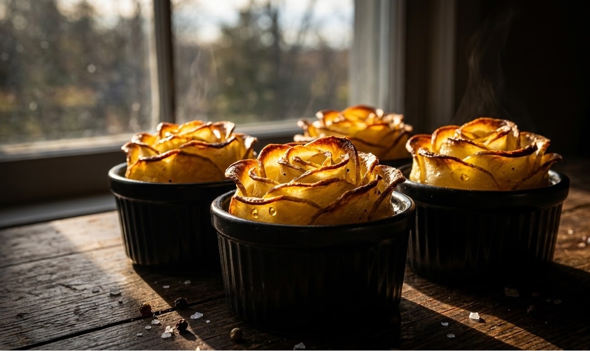 Возьмите формочки для кексов и положите на дно по ложке луковой начинки. Укладывайте картофельные слайсы по кругу, формируя бутон. Обязательно оставляйте пространство между лепестками, чтобы картошка хорошо пропеклась.
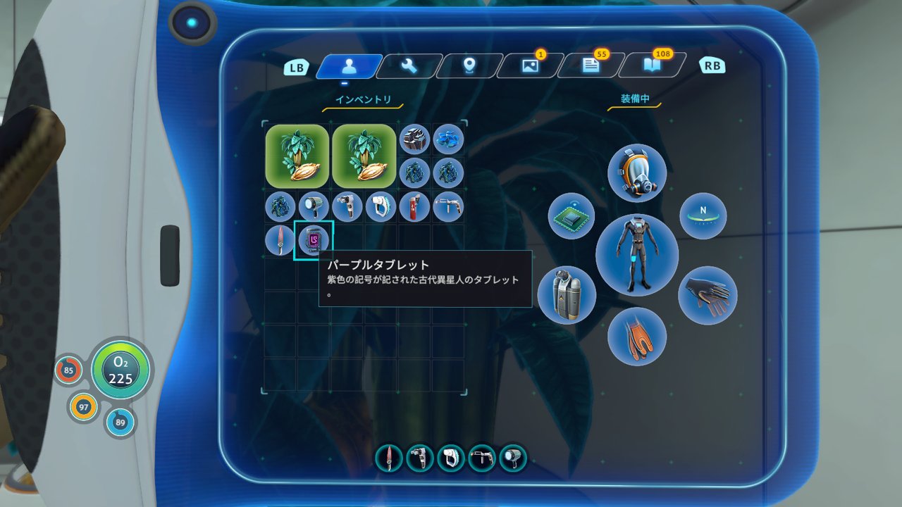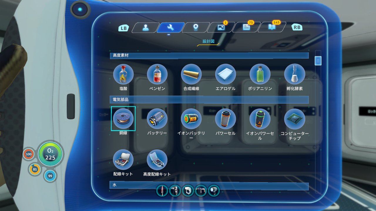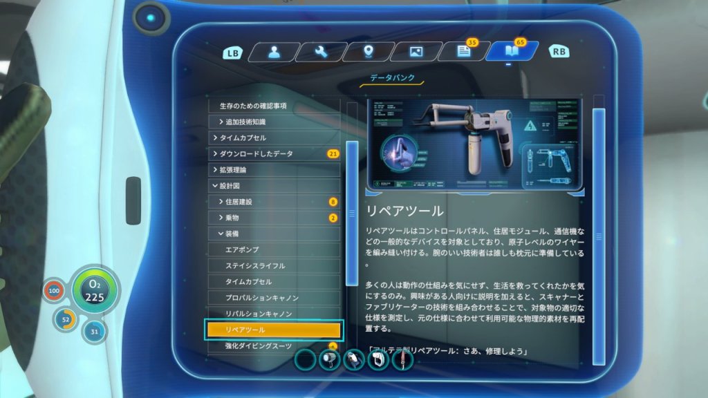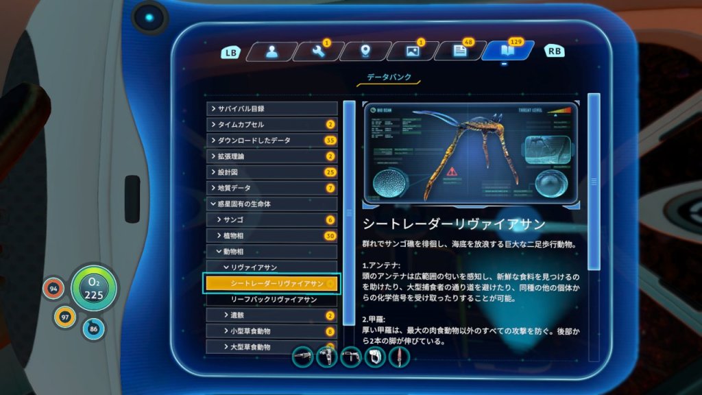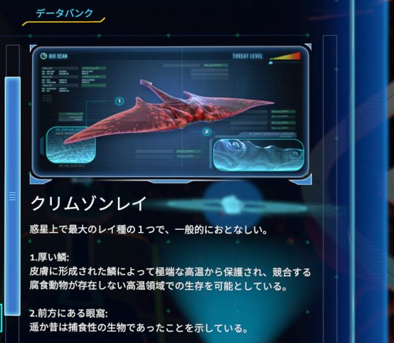 Subnautica has a brilliant way of making you embody the role of a biological scientist. At every stage you are encouraged to pull out and use your scanner tool. This is a cool little gadget that allows you to produce a data log to add to your extensive database. These files often includes an image coupled with various facts about the properties of the item, organisms or equipment you are scanning. For animals and plant life this can include a clue into their lifecycle or position in the foodchain whereas for equipment and vehicles you can read more in regards to the early development or available functions. The variety of reading material even within one subsection here is immense. If you did want to expand on other topics you also have environments, alien discoveries and even a basic survival guide. The survival guide in particular is a fun little written introduction into some basic requirements that are applicable directly to the how you are playing making for some relatable and digestible vocabulary. For additional support and similarly instructive language you can also couple your gameplay with a number of strategy guides in Japanese such as these: グリム通信 and Seesaa Wiki
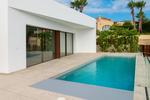 Luxury Modern Villa for Sale in Calpe, Costa Blanca – Just 1.5 km from La Fustera BeachContemporary Design in a Prime Coastal LocationThis exceptional modern villa, newly built and key ready, is located on the beautiful coast of Benissa, between the charming towns of Calpe and Moraira (Costa Blanca, Alicante). Positioned just 1.5 km from La Fustera Beach, one of the area’s most prestigious Blue Flag beaches, this home combines architectural elegance, high-quality materials, and advanced energy efficiency to deliver the perfect Mediterranean lifestyle.Spacious Layout with Luxury FinishesThe villa is distributed over two floors designed for maximum comfort and functionality.On the ground floor, you will find a large garage for two cars, a guest toilet, a laundry room, a spa or leisure area, and a double bedroom with an en-suite bathroom and dressing room. Internal stairs lead to the upper level.The upper floor features a welcoming entrance hall and a contemporary open-plan kitchen fully equipped with premium appliances, including double fridge-freezers, oven, microwave, dishwasher, and induction hob with built-in extractor. The bright living-dining area opens onto the main terrace with its spectacular private pool and sunbathing area. The sleeping area includes three bedrooms, one with an en-suite bathroom, plus a shared bathroom. All bedrooms have direct access to the pool terrace.High-End FeaturesThis property includes top-quality materials and energy-efficient systems for year-round comfort:Ducted air conditioning with individual thermostatsUnderfloor heating with heat pumpAerothermal domestic hot water systemPre-installation for alarm systemAluminum windows with thermal bridge break and low-emissivity glassMotorized blinds in bedroomsPhotovoltaic installation for energy savingsHeated pool with automatic cover and LED lightingDomotic controls for lighting and climate managementSpa and leisure area with pre-installation for jacuzzi, bar, and home cinemaLandscaped low-maintenance gardenPrime Location Between Calpe and MorairaSituated in one of the most sought-after residential areas of the Costa Blanca, the villa enjoys proximity to both the sea and the mountains. The area offers a wide selection of beaches, coves, restaurants, and leisure options, all within a short distance.Distances to Key Points of InterestLa Fustera Beach: 1.5 kmLes Basetes Yacht Club: 2 kmCalpe: 6 kmMoraira: 8 kmAltea Golf Club: 12 kmAlicante International Airport: 85 kmLive the Mediterranean DreamThis luxurious modern villa in Calpe offers a perfect blend of style, comfort, and location. Contact us today to arrange a visit and discover your new life on the Costa Blanca.

_Aim of the exercise_: Could you transcribe all of the data exactly and omit the pictures?

_Reply_:
 Возьмите формочки для кексов и положите на дно по ложке луковой начинки. Укладывайте картофельные слайсы по кругу, формируя бутон. Обязательно оставляйте пространство между лепестками, чтобы картошка хорошо пропеклась.
 Subnautica has a brilliant way of making you embody the role of a biological scientist. At every stage you are encouraged to pull out and use your scanner tool. This is a cool little gadget that allows you to produce a data log to add to your extensive database. These files often includes an image coupled with various facts about the properties of the item, organisms or equipment you are scanning. For animals and plant life this can include a clue into their lifecycle or position in the foodchain whereas for equipment and vehicles you can read more in regards to the early development or available functions. The variety of reading material even within one subsection here is immense. If you did want to expand on other topics you also have environments, alien discoveries and even a basic survival guide. The survival guide in particular is a fun little written introduction into some basic requirements that are applicable directly to the how you are playing making for some relatable and digestible vocabulary. For additional support and similarly instructive language you can also couple your gameplay with a number of strategy guides in Japanese such as these: グリム通信 and Seesaa Wiki
 Luxury Modern Villa for Sale in Calpe, Costa Blanca – Just 1.5 km from La Fustera BeachContemporary Design in a Prime Coastal LocationThis exceptional modern villa, newly built and key ready, is located on the beautiful coast of Benissa, between the charming towns of Calpe and Moraira (Costa Blanca, Alicante). Positioned just 1.5 km from La Fustera Beach, one of the area’s most prestigious Blue Flag beaches, this home combines architectural elegance, high-quality materials, and advanced energy efficiency to deliver the perfect Mediterranean lifestyle.Spacious Layout with Luxury FinishesThe villa is distributed over two floors designed for maximum comfort and functionality.On the ground floor, you will find a large garage for two cars, a guest toilet, a laundry room, a spa or leisure area, and a double bedroom with an en-suite bathroom and dressing room. Internal stairs lead to the upper level.The upper floor features a welcoming entrance hall and a contemporary open-plan kitchen fully equipped with premium appliances, including double fridge-freezers, oven, microwave, dishwasher, and induction hob with built-in extractor. The bright living-dining area opens onto the main terrace with its spectacular private pool and sunbathing area. The sleeping area includes three bedrooms, one with an en-suite bathroom, plus a shared bathroom. All bedrooms have direct access to the pool terrace.High-End FeaturesThis property includes top-quality materials and energy-efficient systems for year-round comfort:Ducted air conditioning with individual thermostatsUnderfloor heating with heat pumpAerothermal domestic hot water systemPre-installation for alarm systemAluminum windows with thermal bridge break and low-emissivity glassMotorized blinds in bedroomsPhotovoltaic installation for energy savingsHeated pool with automatic cover and LED lightingDomotic controls for lighting and climate managementSpa and leisure area with pre-installation for jacuzzi, bar, and home cinemaLandscaped low-maintenance gardenPrime Location Between Calpe and MorairaSituated in one of the most sought-after residential areas of the Costa Blanca, the villa enjoys proximity to both the sea and the mountains. The area offers a wide selection of beaches, coves, restaurants, and leisure options, all within a short distance.Distances to Key Points of InterestLa Fustera Beach: 1.5 kmLes Basetes Yacht Club: 2 kmCalpe: 6 kmMoraira: 8 kmAltea Golf Club: 12 kmAlicante International Airport: 85 kmLive the Mediterranean DreamThis luxurious modern villa in Calpe offers a perfect blend of style, comfort, and location. Contact us today to arrange a visit and discover your new life on the Costa Blanca.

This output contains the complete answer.